* WORK ITEM *
From the first line to the last, write out the records exactly, leaving out images.

-------

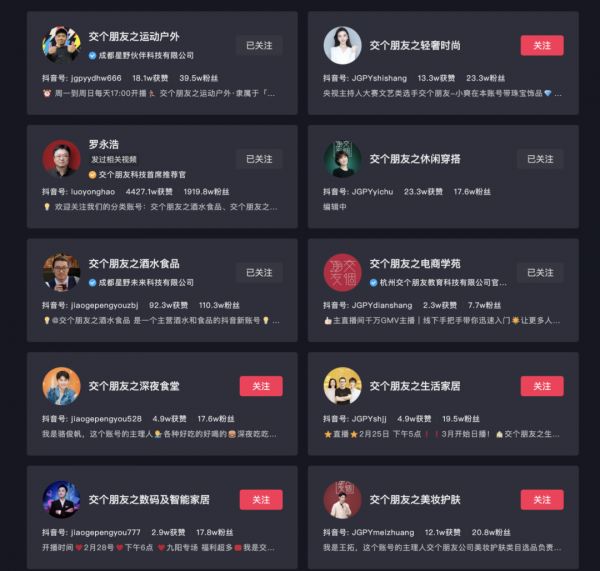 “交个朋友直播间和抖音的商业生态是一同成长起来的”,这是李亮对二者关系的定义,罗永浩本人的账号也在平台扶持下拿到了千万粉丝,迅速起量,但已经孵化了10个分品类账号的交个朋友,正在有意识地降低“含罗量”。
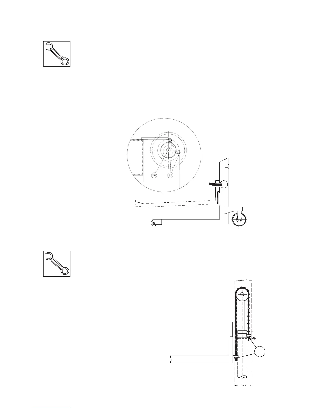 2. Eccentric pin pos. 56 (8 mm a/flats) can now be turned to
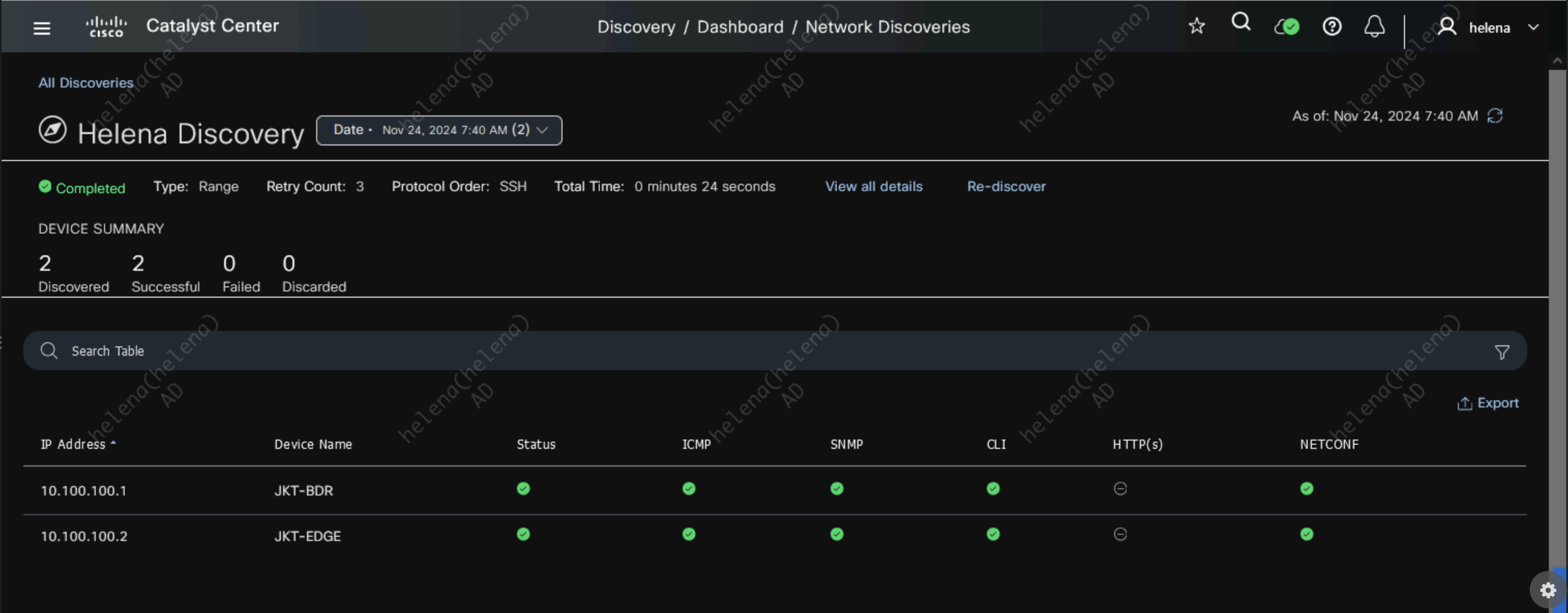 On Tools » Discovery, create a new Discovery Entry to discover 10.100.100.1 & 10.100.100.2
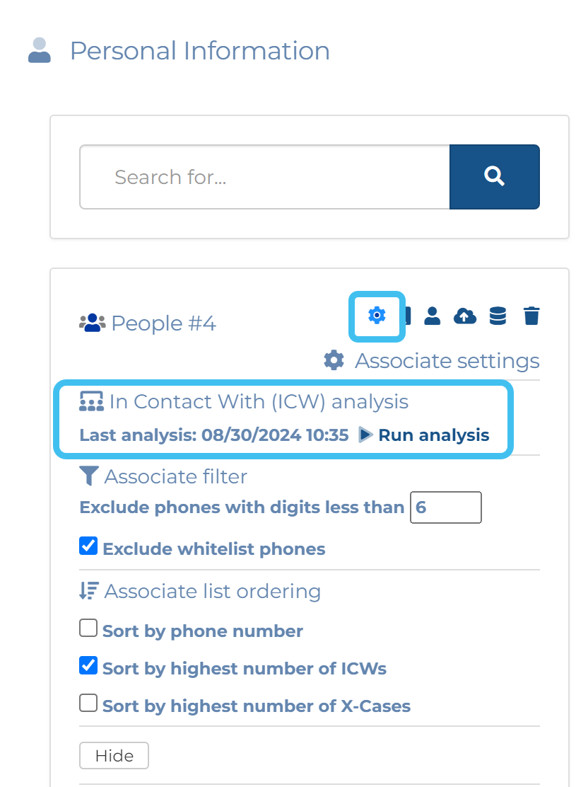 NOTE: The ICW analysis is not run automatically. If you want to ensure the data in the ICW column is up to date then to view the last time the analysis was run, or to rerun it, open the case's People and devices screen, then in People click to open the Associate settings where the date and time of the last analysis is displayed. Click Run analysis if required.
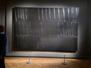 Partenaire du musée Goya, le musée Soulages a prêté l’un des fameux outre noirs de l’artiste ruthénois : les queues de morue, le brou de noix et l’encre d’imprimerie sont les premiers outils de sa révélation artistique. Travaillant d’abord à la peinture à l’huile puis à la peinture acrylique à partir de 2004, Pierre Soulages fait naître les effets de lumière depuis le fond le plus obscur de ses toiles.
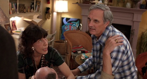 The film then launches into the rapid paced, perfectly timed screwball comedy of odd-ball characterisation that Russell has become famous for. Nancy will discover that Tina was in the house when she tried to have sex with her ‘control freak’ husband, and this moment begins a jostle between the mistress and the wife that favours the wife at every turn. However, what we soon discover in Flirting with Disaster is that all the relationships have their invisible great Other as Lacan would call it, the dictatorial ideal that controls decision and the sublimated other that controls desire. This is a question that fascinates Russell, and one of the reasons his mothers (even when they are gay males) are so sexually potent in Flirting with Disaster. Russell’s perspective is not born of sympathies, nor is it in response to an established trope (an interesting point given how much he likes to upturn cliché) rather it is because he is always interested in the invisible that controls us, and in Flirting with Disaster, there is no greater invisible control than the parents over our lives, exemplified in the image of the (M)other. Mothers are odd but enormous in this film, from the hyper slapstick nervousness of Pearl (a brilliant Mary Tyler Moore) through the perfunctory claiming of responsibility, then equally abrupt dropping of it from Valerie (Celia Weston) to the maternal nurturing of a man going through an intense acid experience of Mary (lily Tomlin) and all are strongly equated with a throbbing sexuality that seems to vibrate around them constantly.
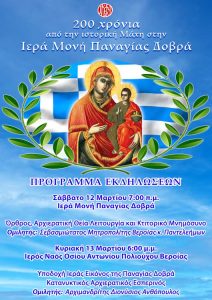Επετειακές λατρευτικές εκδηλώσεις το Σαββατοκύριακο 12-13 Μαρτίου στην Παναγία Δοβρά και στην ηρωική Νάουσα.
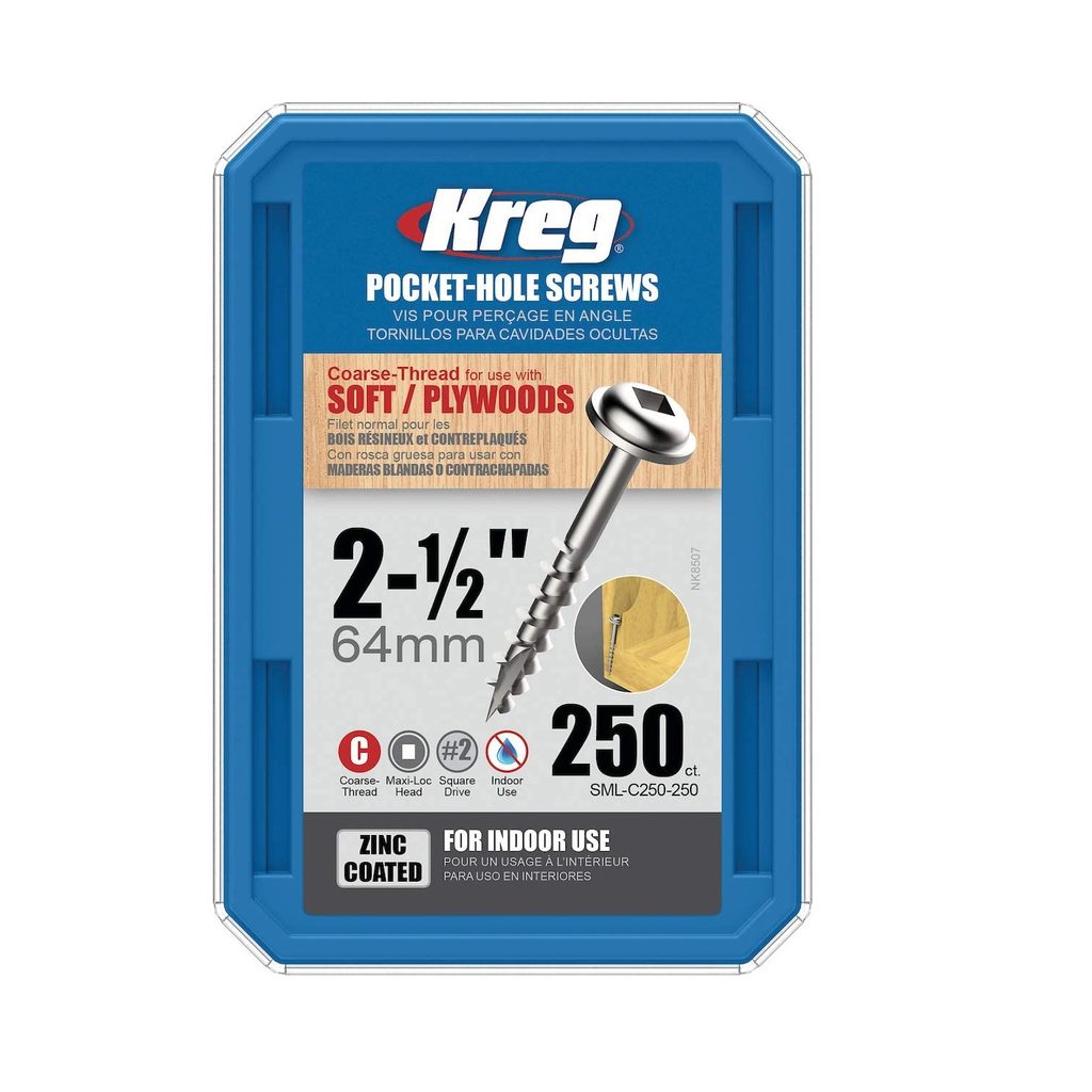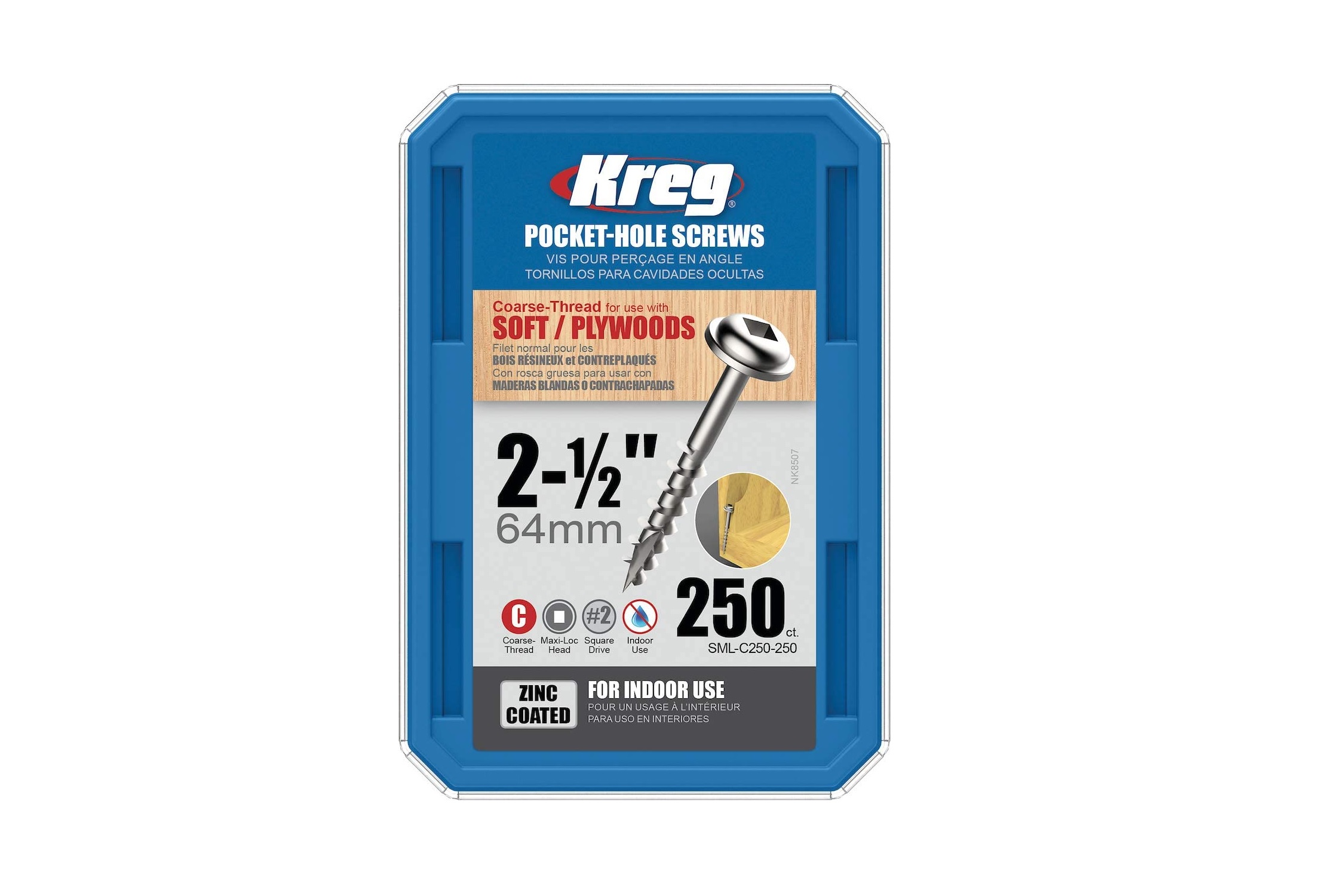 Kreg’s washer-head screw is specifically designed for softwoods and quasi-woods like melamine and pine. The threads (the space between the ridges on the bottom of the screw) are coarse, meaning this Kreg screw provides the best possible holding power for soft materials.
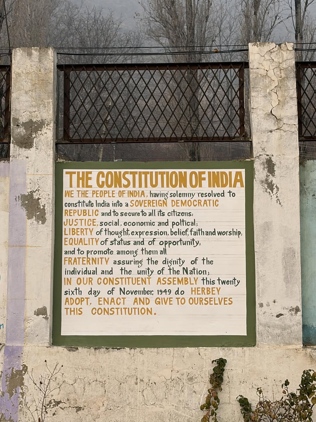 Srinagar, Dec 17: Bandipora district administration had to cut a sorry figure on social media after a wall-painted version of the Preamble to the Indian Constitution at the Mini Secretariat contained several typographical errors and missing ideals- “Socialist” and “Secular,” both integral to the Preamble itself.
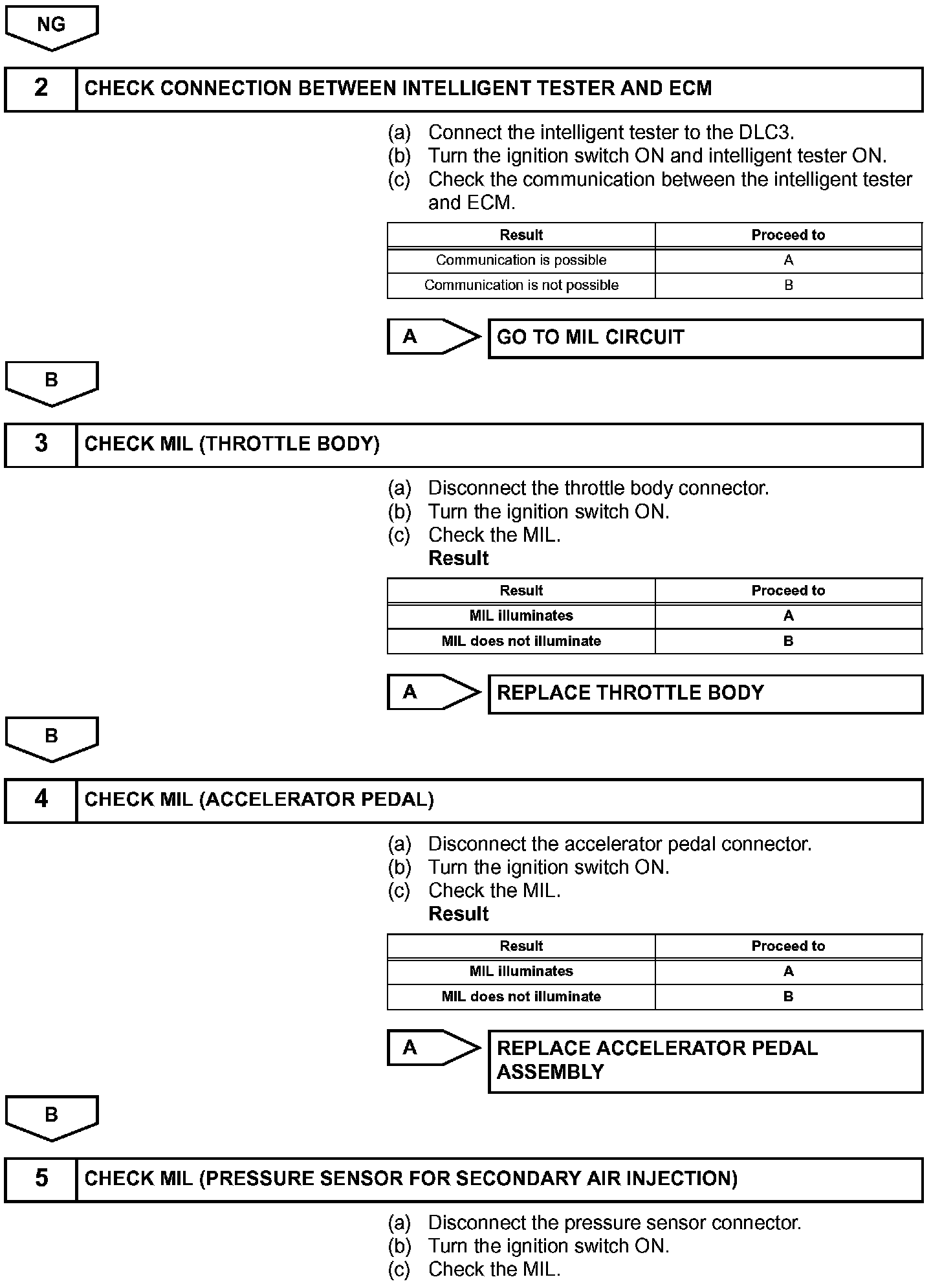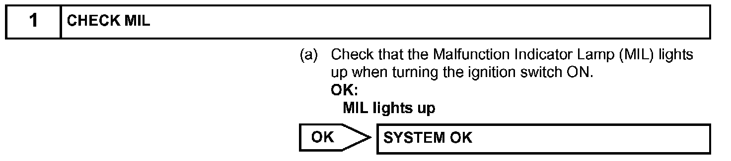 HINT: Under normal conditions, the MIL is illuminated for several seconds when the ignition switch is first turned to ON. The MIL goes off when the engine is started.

-------

* TASK SOLUTION *
 “交个朋友直播间和抖音的商业生态是一同成长起来的”,这是李亮对二者关系的定义,罗永浩本人的账号也在平台扶持下拿到了千万粉丝,迅速起量,但已经孵化了10个分品类账号的交个朋友,正在有意识地降低“含罗量”。
 2. Eccentric pin pos. 56 (8 mm a/flats) can now be turned to
 On Tools » Discovery, create a new Discovery Entry to discover 10.100.100.1 & 10.100.100.2
 NOTE: The ICW analysis is not run automatically. If you want to ensure the data in the ICW column is up to date then to view the last time the analysis was run, or to rerun it, open the case's People and devices screen, then in People click to open the Associate settings where the date and time of the last analysis is displayed. Click Run analysis if required.
 Partenaire du musée Goya, le musée Soulages a prêté l’un des fameux outre noirs de l’artiste ruthénois : les queues de morue, le brou de noix et l’encre d’imprimerie sont les premiers outils de sa révélation artistique. Travaillant d’abord à la peinture à l’huile puis à la peinture acrylique à partir de 2004, Pierre Soulages fait naître les effets de lumière depuis le fond le plus obscur de ses toiles.
 The film then launches into the rapid paced, perfectly timed screwball comedy of odd-ball characterisation that Russell has become famous for. Nancy will discover that Tina was in the house when she tried to have sex with her ‘control freak’ husband, and this moment begins a jostle between the mistress and the wife that favours the wife at every turn. However, what we soon discover in Flirting with Disaster is that all the relationships have their invisible great Other as Lacan would call it, the dictatorial ideal that controls decision and the sublimated other that controls desire. This is a question that fascinates Russell, and one of the reasons his mothers (even when they are gay males) are so sexually potent in Flirting with Disaster. Russell’s perspective is not born of sympathies, nor is it in response to an established trope (an interesting point given how much he likes to upturn cliché) rather it is because he is always interested in the invisible that controls us, and in Flirting with Disaster, there is no greater invisible control than the parents over our lives, exemplified in the image of the (M)other. Mothers are odd but enormous in this film, from the hyper slapstick nervousness of Pearl (a brilliant Mary Tyler Moore) through the perfunctory claiming of responsibility, then equally abrupt dropping of it from Valerie (Celia Weston) to the maternal nurturing of a man going through an intense acid experience of Mary (lily Tomlin) and all are strongly equated with a throbbing sexuality that seems to vibrate around them constantly.
Επετειακές λατρευτικές εκδηλώσεις το Σαββατοκύριακο 12-13 Μαρτίου στην Παναγία Δοβρά και στην ηρωική Νάουσα.
 Kreg’s washer-head screw is specifically designed for softwoods and quasi-woods like melamine and pine. The threads (the space between the ridges on the bottom of the screw) are coarse, meaning this Kreg screw provides the best possible holding power for soft materials.
 Srinagar, Dec 17: Bandipora district administration had to cut a sorry figure on social media after a wall-painted version of the Preamble to the Indian Constitution at the Mini Secretariat contained several typographical errors and missing ideals- “Socialist” and “Secular,” both integral to the Preamble itself.
 HINT: Under normal conditions, the MIL is illuminated for several seconds when the ignition switch is first turned to ON. The MIL goes off when the engine is started.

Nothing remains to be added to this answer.